The other thing is that the facts elicited in the course of these debates have been sparse, to be generous.

At Second Reading, my noble friend the Minister gave no facts or indeed argument on the representations made across the House with regard to Part 5 beyond saying that there was going to be a meeting the following Thursday. We heard about the 2011 review of Chapter 2 of Part 5 but have had nothing since, even though the world has changed dramatically since then. We heard about the 2014 consultation, which I have already referred to. We heard from the Minister about the 2013 report of the terrorism task force, but that was not specific to universities. It covered the entire range of our national life and did not get near the issues covered in Part 5—in particular, the enforceable guidance.

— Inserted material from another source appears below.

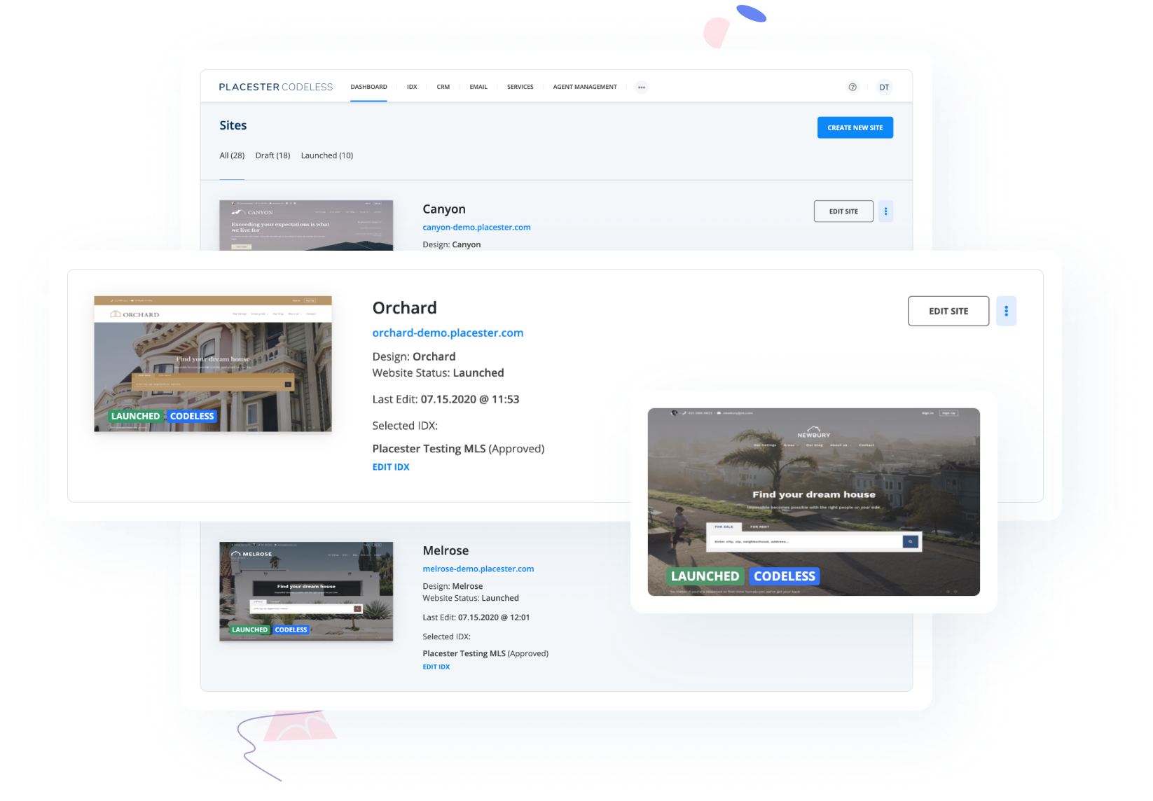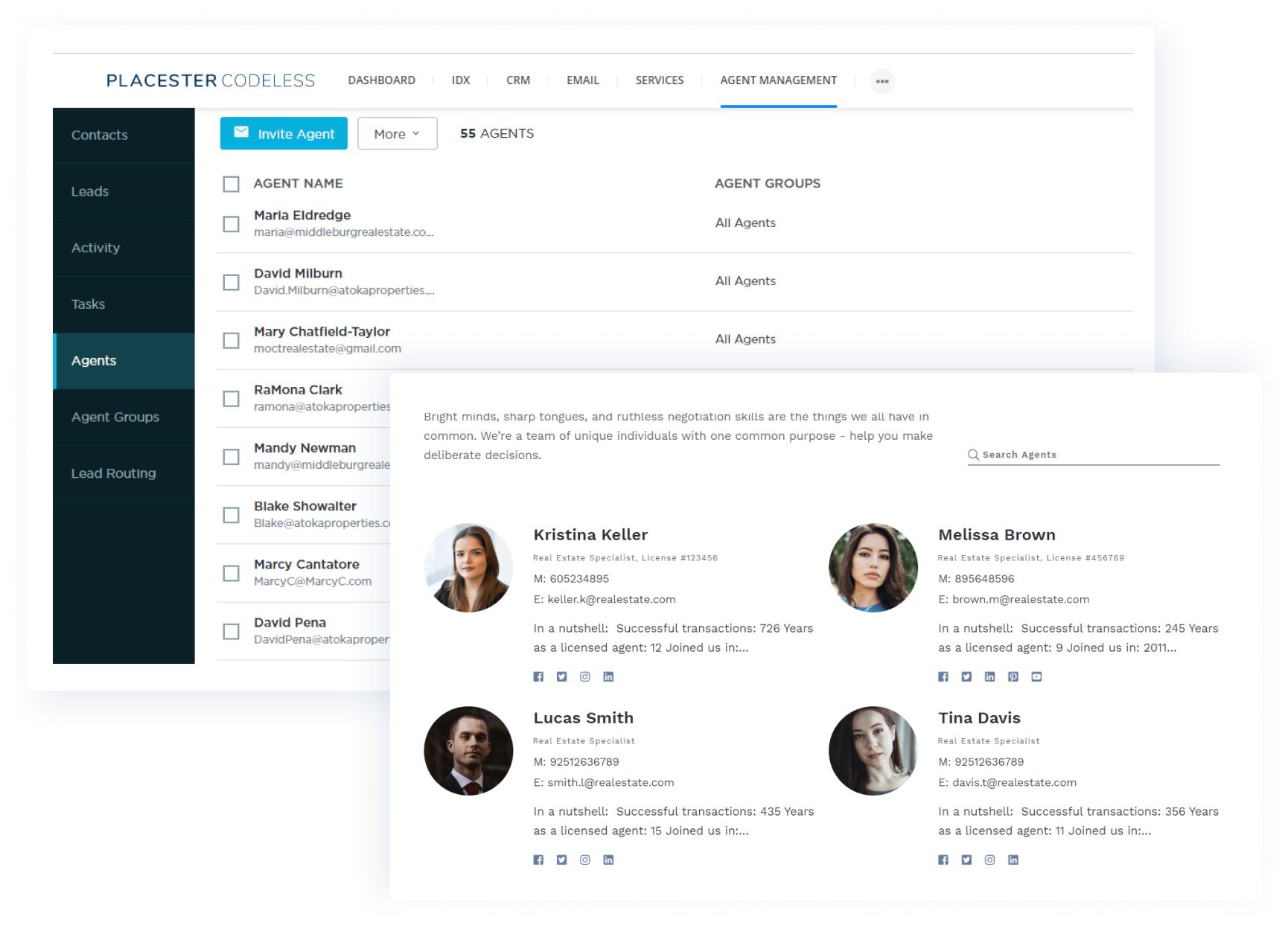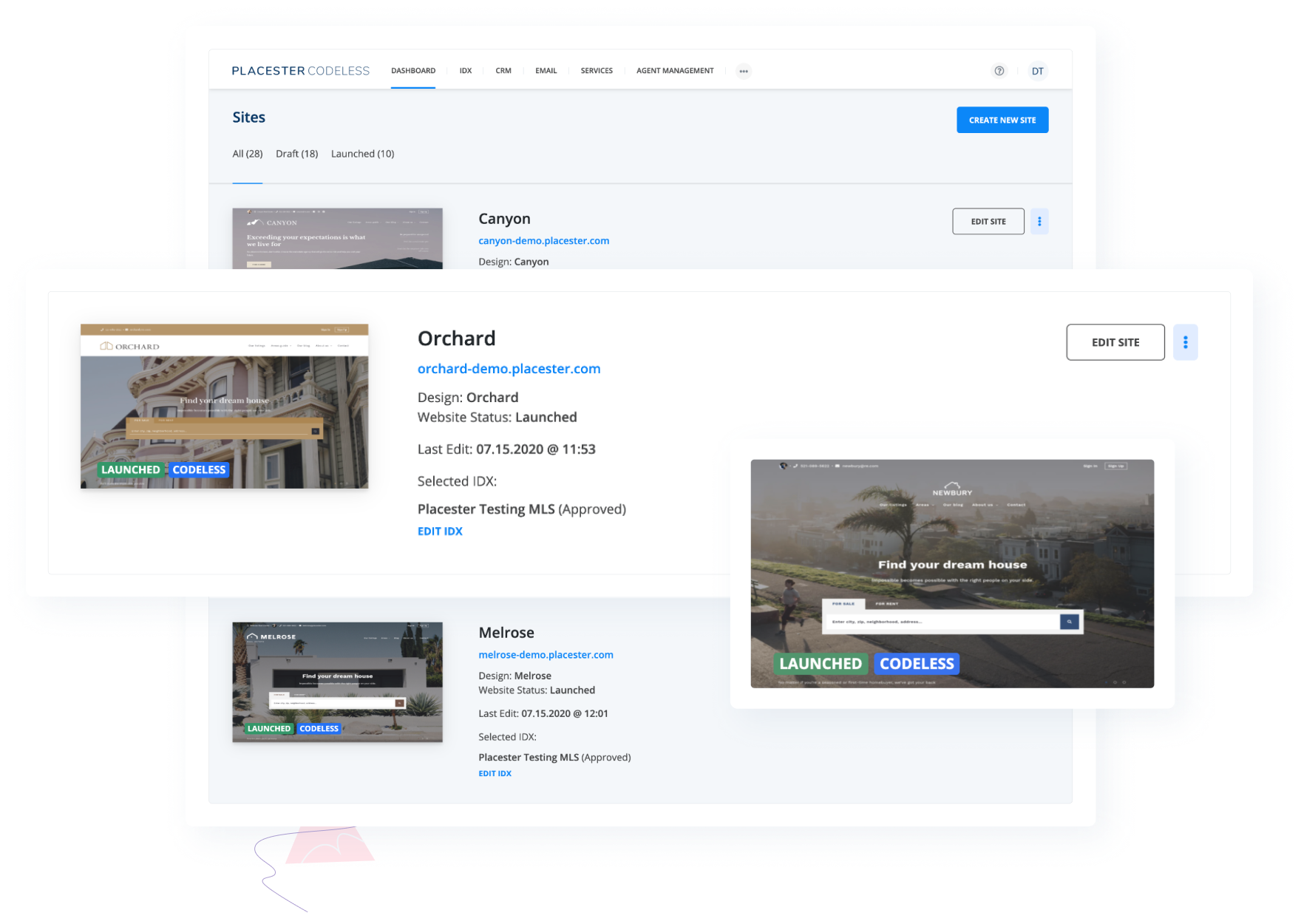 With Placester, you don’t need to be technical to turn ideas into reality. Build, launch, and manage multiple websites with ease. Create content on the fly, onboard new agents, manage the agent roster, and get stuff done without a developer.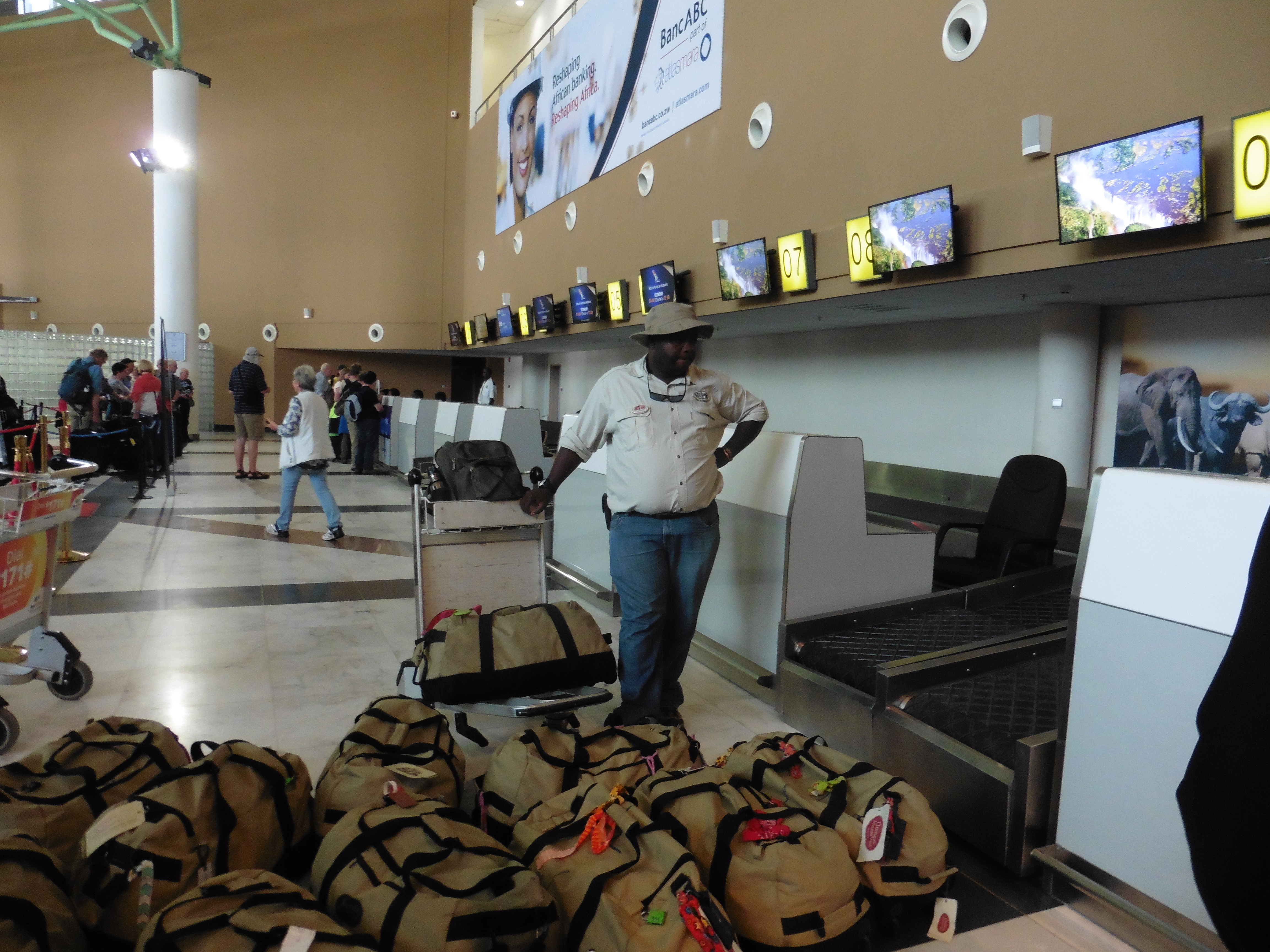 At the airport Phanuel, our wonderful trip leader, relinquished his responsibility for our bags. At the start of our trip, he told us they were his babies and he would make sure they got safely from camp to camp.

We have heard, including this evening, about student terrorists. I think the statistic was that 31% of those convicted here of terrorist offences had been students. That seems to me to be an utterly useless statistic. Were they terrorists before they went to university, were they terrorists as a result of going to university or were they terrorists as a result of what happened to them after university? We have not the very slightest idea. Nevertheless, I would be so bold as to suggest that going to university in this country, far from making terrorists, unmakes them. Universities are engines of moderation, truth, objective inquiry, tolerance and so on. The odds are—if one could ever measure this, and I am quite sure one cannot—that the statistics would show a radical effect on people going to university against their becoming terrorists. However, this statistic is trotted out as if it had any significance at all or gave any justification whatever to the extraordinary imposition in Part 5, with this guidance which has the force of law.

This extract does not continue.